20 Jan 2014

Restoring backed up cookies on Mac OS X 10.9 Mavericks

You can restore a backup of your Cookies file on 10.9 by quitting Safari and then running these commands in the Terminal:

$ killall cookied
$ mv ~/path/to/backed/up/Cookies.binarycookies ~/Library/Cookies/
$ open -a Safari

For reasons that aren’t clear to me, every once in a while OS X will clear my entire cookies file, logging me out of every website in Safari and every other Mac app that uses a system WebKit browser window. It’s pretty annoying, but in the past I’ve always been able to fix it by restoring the Cookies file from my Time Machine backup. (You have a Time Machine backup, right?
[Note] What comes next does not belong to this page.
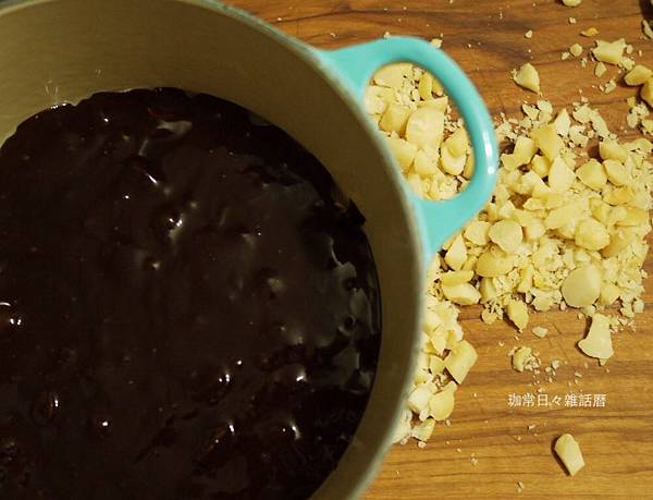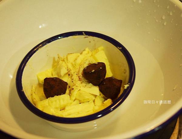 由於這天在家是臨時突然想做布朗尼,只好先用家裡有的松露巧克力先擋著用^^
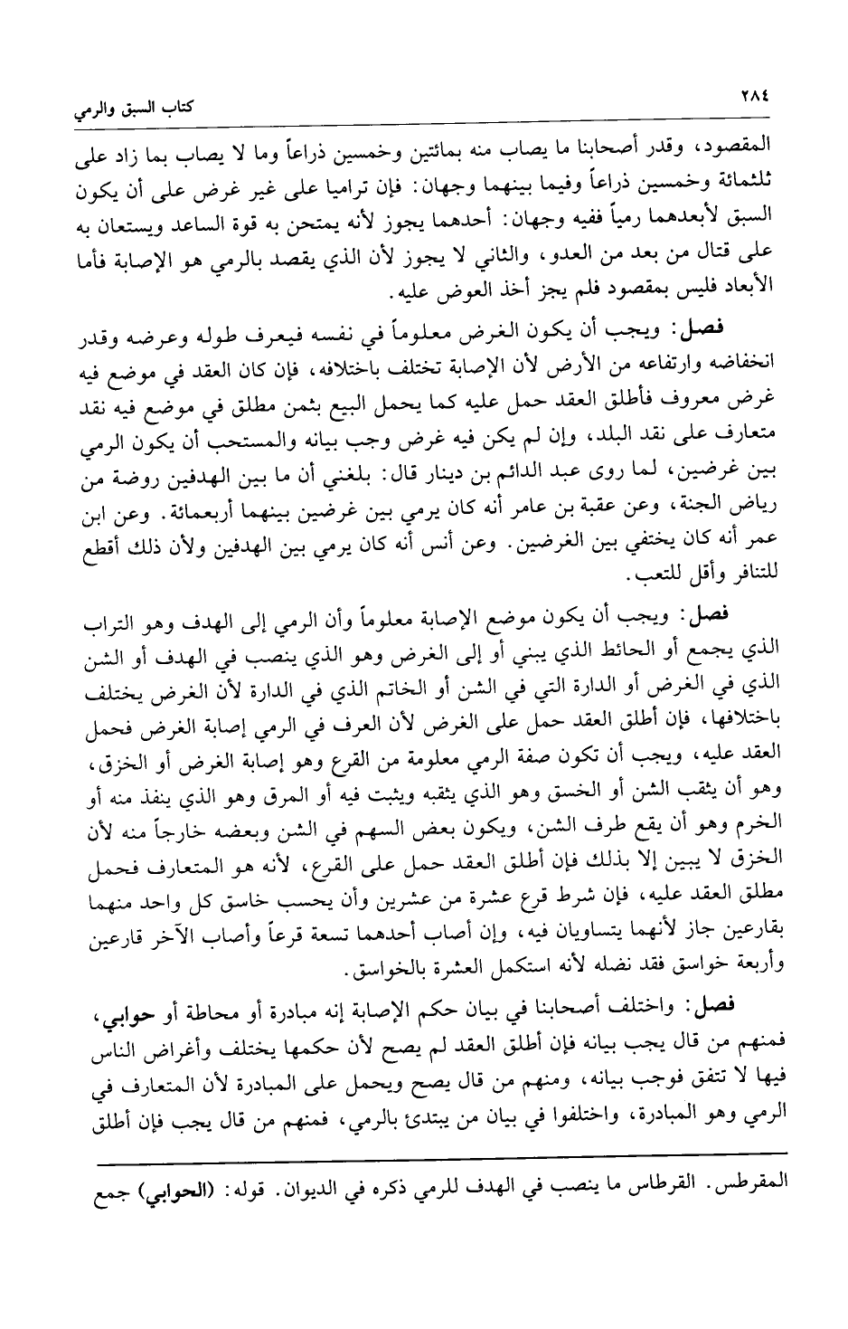 فصل: ويجب أن يكون موضع الإصابة معلوماً وأن الرمي إلى الهدف وهو التراب الذي يجمع أو الحائط الذي يبني أو إلى الغرض وهو الذي ينصب في الهدف أو الشن الذي في الغرض أو الدارة التي في الشن أو الخاتم الذي في الدارة لأن الغرض يختلف باختلافها فإن أطلق العقد حمل على الغرض لأن العرف في الرمي إصابة الغرض فحمل العقد عليه ويجب أن تكون صفة الرمي معلومة من القرع وهو إصابة الغرض أو الخزق وهو أن يثقب الشن أو الخسق وهو الذي يثقبه ويثبت فيه أو المرق وهو الذي ينفذ منه أو الخرم وهو أن يقع طرف الشن ويكون بعض السهم في الشن وبعضه خارجاً منه لأن الخزق لا يبين إلا بذلك فإن أطلق العقد حمل على القرع لأنه هو المتعارف فحمل مطلق العقد عليه فإن شرط قرع عشرة من عشرين وأن يحسب خاسق كل واحد منهما بقارعين جاز لأنهما يتساويان فيه وإن أصاب أحدهما تسعة قرعاً وأصاب الآخر قارعين وأربعة خواسق فقد نضله لأنه استكمل العشرة بالخواسق.

If not, please go buy one.)

That seems to have changed with OS X 10.9, with the cookied process that runs and seems to act as a central control point for Safari and other applications to access your cookies. It stays running even when Safari is closed, so restoring a backup of your cookies after quitting Safari doesn’t help. cookied still has your old cookies in memory, and the next time you open Safari, it erases your carefully restored backup and overwrites it with your newly empty cookies file.

As a result, the only way to restore a backup of your cookies is to quit Safari (so that cookied won’t automatically get run again), then run killall cookied in the Terminal, then copy your backup into ~/Library/Cookies, and finally re-open Safari. I searched the internet for instructions on how to do that for about 20 minutes before giving up and figuring it out myself. Hopefully this post will mean that future me and other people like him will just see the answer right away when they search.